# [RECORDS PROVIDED]
== Segment start ==
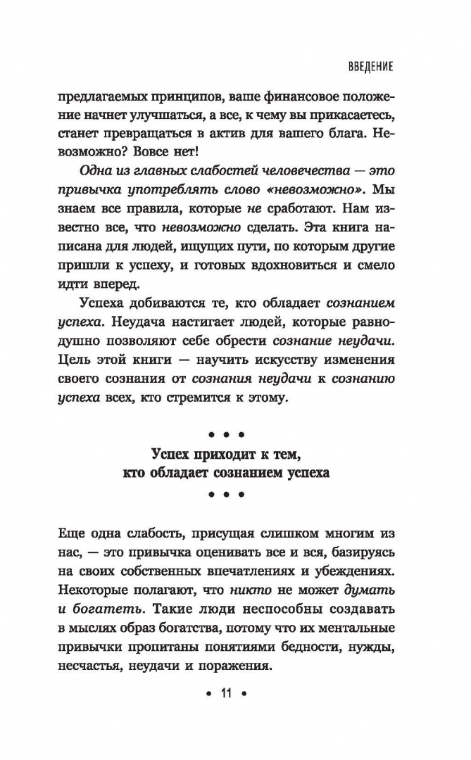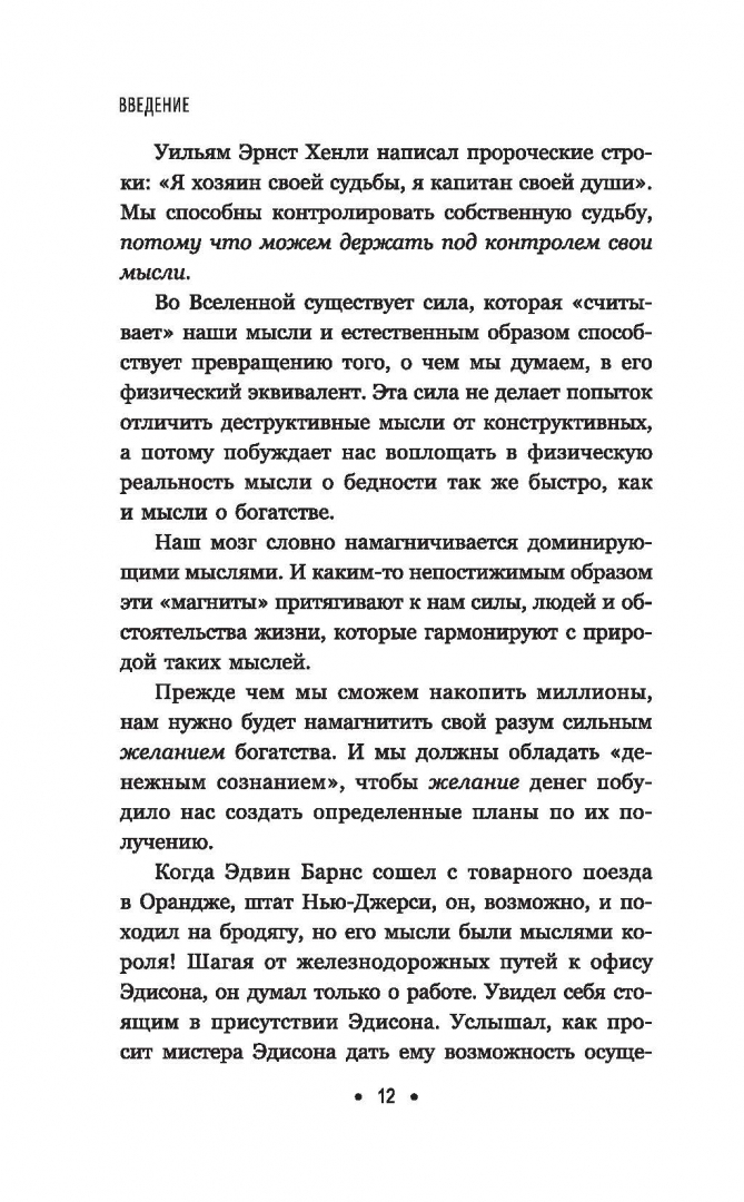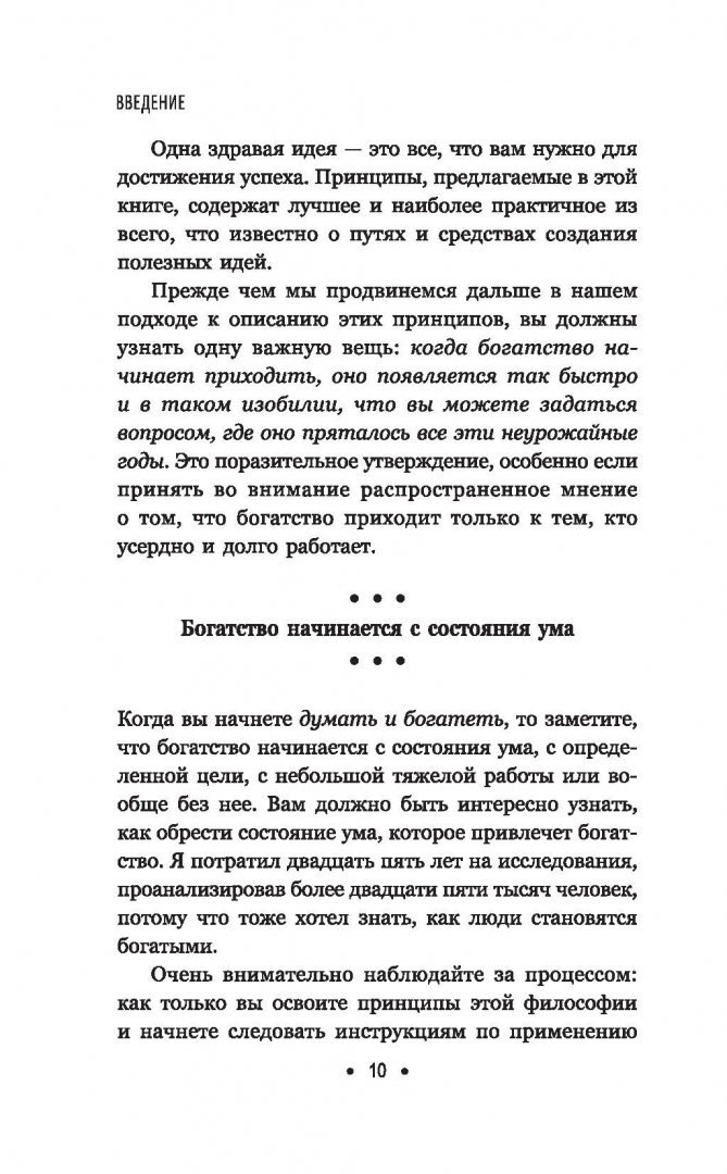 ОписаниеЧеловек может достичь всего, что способен постичь и принять разумом.В этом высказывании выведена формула успеха — настолько простая, что ее может применить любой, и в то же время настолько сложная, что лишь единицы из нас когда-либо полностью ее реализуют. Именно на ней построена философия успеха, объясняющая, каким образом человеческие желания могут воплотиться в материальную реальность. Именно благодаря ей самые богатые люди в мире — богатые в самых разных смыслах: деньгами, отношениями, властью, душевным спокойствием и социальным статусом, — выстраивали и поддерживали свое благосостояние. Именно она лежит в основе науки успеха — философии достижений, которая помогла покончить с Великой депрессией и с тех пор создала больше миллионеров, культовых личностей и лидеров мнений, чем любая другая.Книга представляет собой краткое изложение оригинального текста шедевра Наполеона Хилла 1937 года. В ней собраны ключевые принципы, рекомендации и примеры, чтобы современный профессионал тоже мог извлечь пользу из актуальной во все времена мудрости Хилла, открыв для себя путь к стремительному личностному росту и придав импульс воплощению своей мечты.СвернутьЧеловек может достичь всего, что способен постичь и принять разумом.В этом высказывании выведена формула успеха — настолько простая, что ее может применить любой, и в то же время настолько сложная, что лишь единицы из нас когда-либо полностью ее реализуют. Именно на ней построена философия успеха, объясняющая, каким образом человеческие желания могут воплотиться в материальную реальность. Именно благодаря ей самые богатые люди в мире — богатые в самых разных смыслах: деньгами, отношениями, властью, душевным спокойствием и социальным статусом, — выстраивали и поддерживали свое благосостояние. Именно она лежит в основе науки успеха — философии достижений, которая помогла покончить с Великой депрессией и с тех пор создала больше миллионеров, культовых личностей и лидеров мнений, чем любая другая.Книга представляет собой краткое изложение оригинального текста шедевра Наполеона Хилла 1937 года. В ней собраны ключевые принципы, рекомендации и примеры, чтобы современный профессионал тоже мог извлечь пользу из актуальной во все времена мудрости Хилла, открыв для себя путь к стремительному личностному росту и придав импульс воплощению своей мечты.СвернутьСвернуть
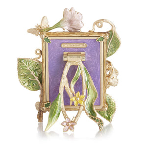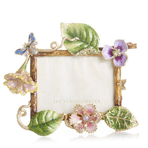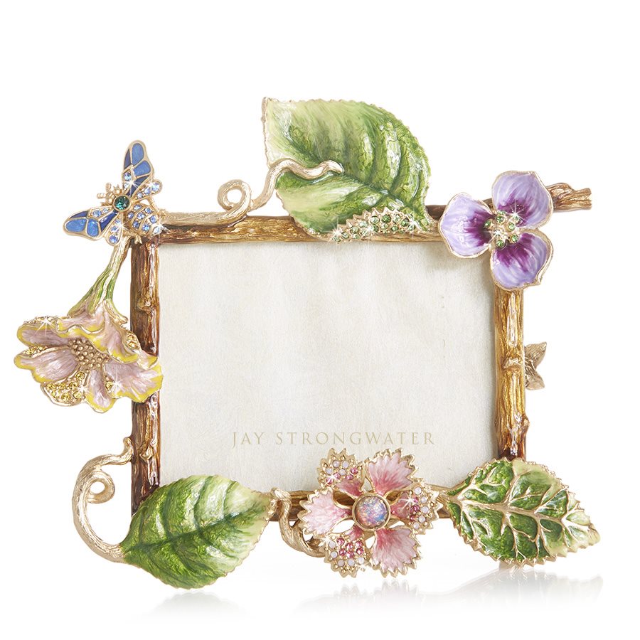 Our artistry shines with this gorgeous fusion of jeweled flowers and luscious leaves wrapped around the Fray Floral 3” x 4” Frame. A mix of hand-painted pansies, carnations and a dragonfly pop against the verdant green leaves. Sparkling with Swarovski® crystals handset by our finest artisans in Rhode Island.
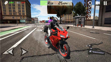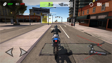 1. 下载安装好终极摩托模拟器,运行游戏后,左侧区域用于控制行驶方向;
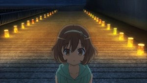 The main plot this time is that Nonoka, in an effort to make things up to the relentlessly angry Yuzuki, is going to try to have fireworks over the lake. She starts making that plan when she finds a picture of herself with her mother from seven years ago, at the festival against a backdrop of fireworks. Koharu offers to help, and Nonoka spreads the word that this is going to happen. Whether it does or not largely hinges on Noel, of course – she is, after all, the saucer, and that's what's been gumming up the works for the last seven years. In a cynical moment before the episode starts to move, one might ask oneself, “So why doesn't Nonoka just ask Noel if she minds fireworks?” A reasonable question...until you find out that Noel has no idea what fireworks are. And really, why would she? There haven't been any since she arrived. But Noel is nothing if not determined to do right by her friends, a fact that this episode does a beautiful job of both showing and telling. The former isn't terribly subtle – she flat out states to Yuzuki that she's happiest when the group is smiling. (The showing at the end is much more remarkable.) Those words (and Nonoka's photo album) are what Yuzuki needs to finally get over the hurt she's been nursing for so long, and we do get a clearer idea of why she's so angry. The loss of the fireworks led her to run away one night, which resulted in Souta hurting himself. It's easier for Yuzuki to blame the saucer for her brother's broken leg than to blame herself. Immature, yes, but fairly consistent for the age that she was and is, and we do get to see her finally face facts and grow up a little. I also have to wonder if looking at the picture of Nonoka and her mother made her realize that while she lost the festival and got her brother injured, Nonoka's mother actually died, making her grudge pale in comparison.
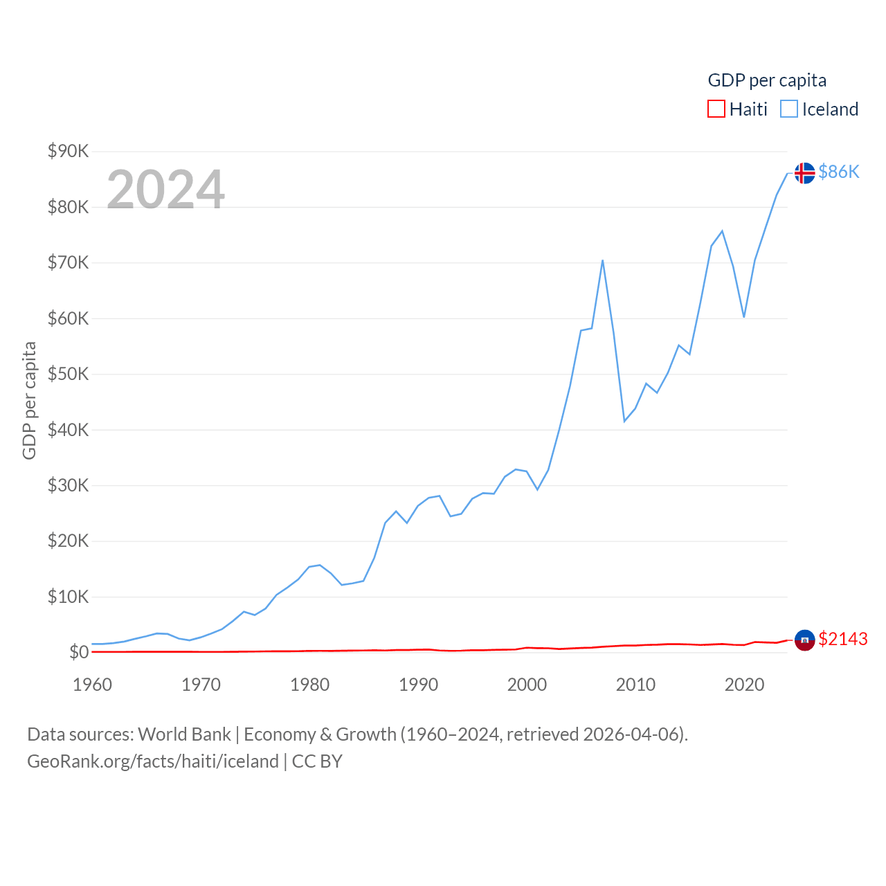 By GDP, Haiti ranks 117/197 ($25.2B) and Iceland ranks 108/197 ($33.3B). By GDP per capita, Haiti ranks 153/197 ($2,143), while Iceland ranks 9/197 ($86,041).
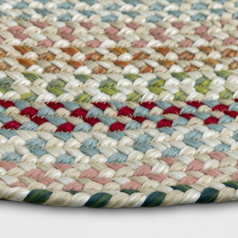 Anchor your outdoor decor with the appealing style of the Six-Foot Round Braided Outdoor Rug from Opalhouseâ„¢. Featuring a woven striped pattern in shades of red, pink, yellow, green and blue, this colorful outdoor rug makes it easy to create a lively vibe in any outdoor space, and the six-foot diameter makes for a substantial amount of coverage. Plus, durable construction makes it simple to spray off with a garden hose or spot clean with a damp cloth for easy maintenance.
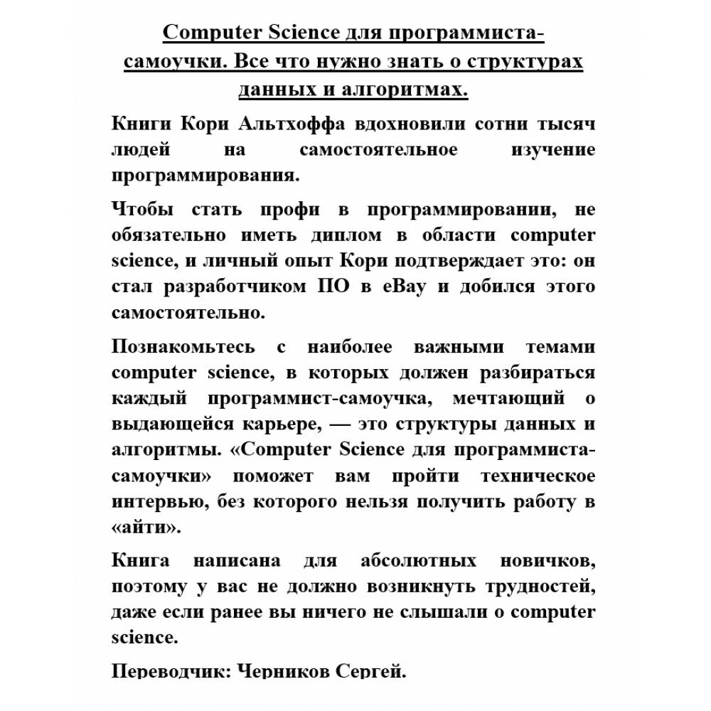 Computer Science для программиста-самоучки. Все что нужно знать о структурах данных и алгоритмах (Кори АльтхоффКори Альтхофф); Питер, 2023
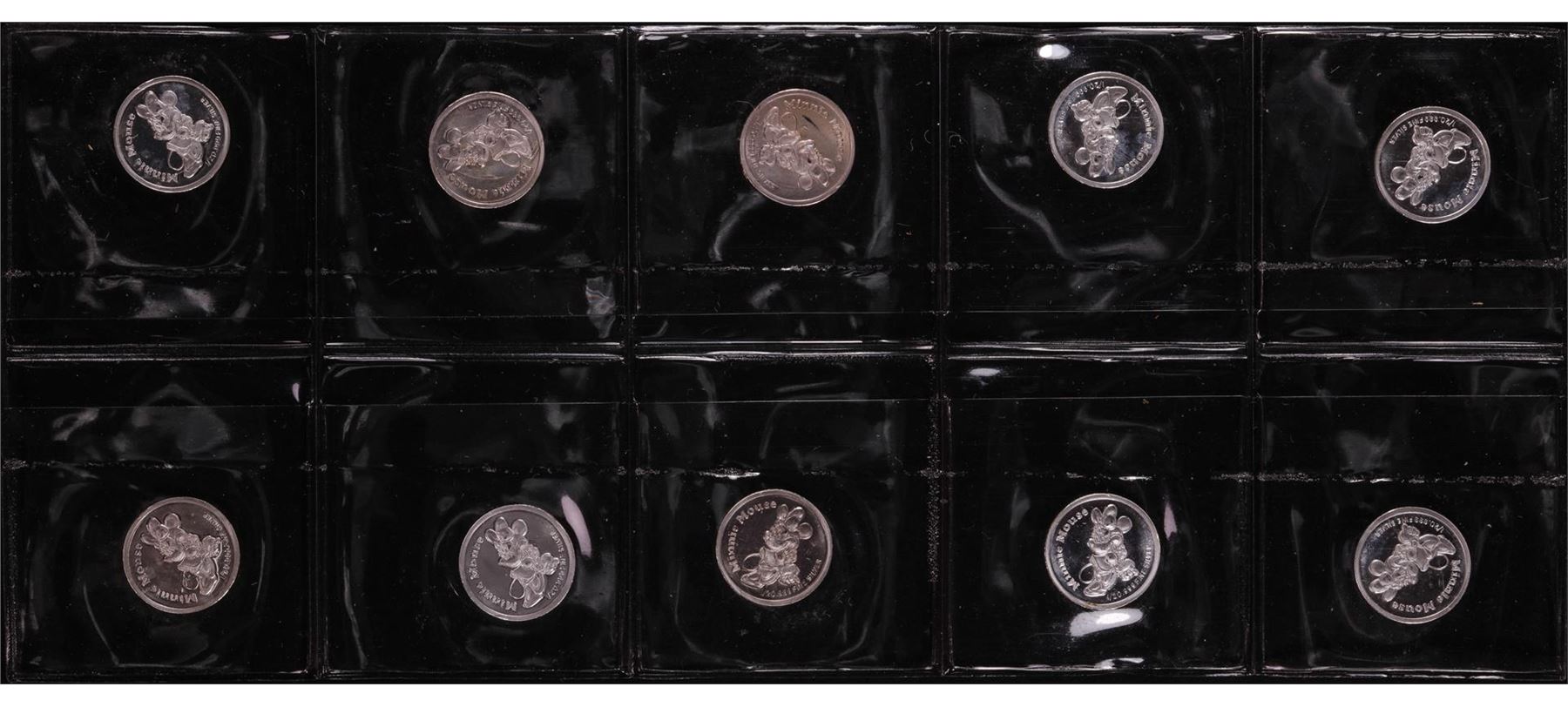 One Lot of (10) Disney Mickey & Minnie Mouse 1/20 oz. .999 Fine Silver Coin Rounds.
== Segment end ==
# [WHAT THIS TASK INVOLVES]
Every line above should be repeated exactly; pictures stay out of the copy.

# [ANSWER BOX]
 ОписаниеЧеловек может достичь всего, что способен постичь и принять разумом.В этом высказывании выведена формула успеха — настолько простая, что ее может применить любой, и в то же время настолько сложная, что лишь единицы из нас когда-либо полностью ее реализуют. Именно на ней построена философия успеха, объясняющая, каким образом человеческие желания могут воплотиться в материальную реальность. Именно благодаря ей самые богатые люди в мире — богатые в самых разных смыслах: деньгами, отношениями, властью, душевным спокойствием и социальным статусом, — выстраивали и поддерживали свое благосостояние. Именно она лежит в основе науки успеха — философии достижений, которая помогла покончить с Великой депрессией и с тех пор создала больше миллионеров, культовых личностей и лидеров мнений, чем любая другая.Книга представляет собой краткое изложение оригинального текста шедевра Наполеона Хилла 1937 года. В ней собраны ключевые принципы, рекомендации и примеры, чтобы современный профессионал тоже мог извлечь пользу из актуальной во все времена мудрости Хилла, открыв для себя путь к стремительному личностному росту и придав импульс воплощению своей мечты.СвернутьЧеловек может достичь всего, что способен постичь и принять разумом.В этом высказывании выведена формула успеха — настолько простая, что ее может применить любой, и в то же время настолько сложная, что лишь единицы из нас когда-либо полностью ее реализуют. Именно на ней построена философия успеха, объясняющая, каким образом человеческие желания могут воплотиться в материальную реальность. Именно благодаря ей самые богатые люди в мире — богатые в самых разных смыслах: деньгами, отношениями, властью, душевным спокойствием и социальным статусом, — выстраивали и поддерживали свое благосостояние. Именно она лежит в основе науки успеха — философии достижений, которая помогла покончить с Великой депрессией и с тех пор создала больше миллионеров, культовых личностей и лидеров мнений, чем любая другая.Книга представляет собой краткое изложение оригинального текста шедевра Наполеона Хилла 1937 года. В ней собраны ключевые принципы, рекомендации и примеры, чтобы современный профессионал тоже мог извлечь пользу из актуальной во все времена мудрости Хилла, открыв для себя путь к стремительному личностному росту и придав импульс воплощению своей мечты.СвернутьСвернуть
 Our artistry shines with this gorgeous fusion of jeweled flowers and luscious leaves wrapped around the Fray Floral 3” x 4” Frame. A mix of hand-painted pansies, carnations and a dragonfly pop against the verdant green leaves. Sparkling with Swarovski® crystals handset by our finest artisans in Rhode Island.
 1. 下载安装好终极摩托模拟器,运行游戏后,左侧区域用于控制行驶方向;
 The main plot this time is that Nonoka, in an effort to make things up to the relentlessly angry Yuzuki, is going to try to have fireworks over the lake. She starts making that plan when she finds a picture of herself with her mother from seven years ago, at the festival against a backdrop of fireworks. Koharu offers to help, and Nonoka spreads the word that this is going to happen. Whether it does or not largely hinges on Noel, of course – she is, after all, the saucer, and that's what's been gumming up the works for the last seven years. In a cynical moment before the episode starts to move, one might ask oneself, “So why doesn't Nonoka just ask Noel if she minds fireworks?” A reasonable question...until you find out that Noel has no idea what fireworks are. And really, why would she? There haven't been any since she arrived. But Noel is nothing if not determined to do right by her friends, a fact that this episode does a beautiful job of both showing and telling. The former isn't terribly subtle – she flat out states to Yuzuki that she's happiest when the group is smiling. (The showing at the end is much more remarkable.) Those words (and Nonoka's photo album) are what Yuzuki needs to finally get over the hurt she's been nursing for so long, and we do get a clearer idea of why she's so angry. The loss of the fireworks led her to run away one night, which resulted in Souta hurting himself. It's easier for Yuzuki to blame the saucer for her brother's broken leg than to blame herself. Immature, yes, but fairly consistent for the age that she was and is, and we do get to see her finally face facts and grow up a little. I also have to wonder if looking at the picture of Nonoka and her mother made her realize that while she lost the festival and got her brother injured, Nonoka's mother actually died, making her grudge pale in comparison.
 By GDP, Haiti ranks 117/197 ($25.2B) and Iceland ranks 108/197 ($33.3B). By GDP per capita, Haiti ranks 153/197 ($2,143), while Iceland ranks 9/197 ($86,041).
 Anchor your outdoor decor with the appealing style of the Six-Foot Round Braided Outdoor Rug from Opalhouseâ„¢. Featuring a woven striped pattern in shades of red, pink, yellow, green and blue, this colorful outdoor rug makes it easy to create a lively vibe in any outdoor space, and the six-foot diameter makes for a substantial amount of coverage. Plus, durable construction makes it simple to spray off with a garden hose or spot clean with a damp cloth for easy maintenance.
 Computer Science для программиста-самоучки. Все что нужно знать о структурах данных и алгоритмах (Кори АльтхоффКори Альтхофф); Питер, 2023
 One Lot of (10) Disney Mickey & Minnie Mouse 1/20 oz. .999 Fine Silver Coin Rounds.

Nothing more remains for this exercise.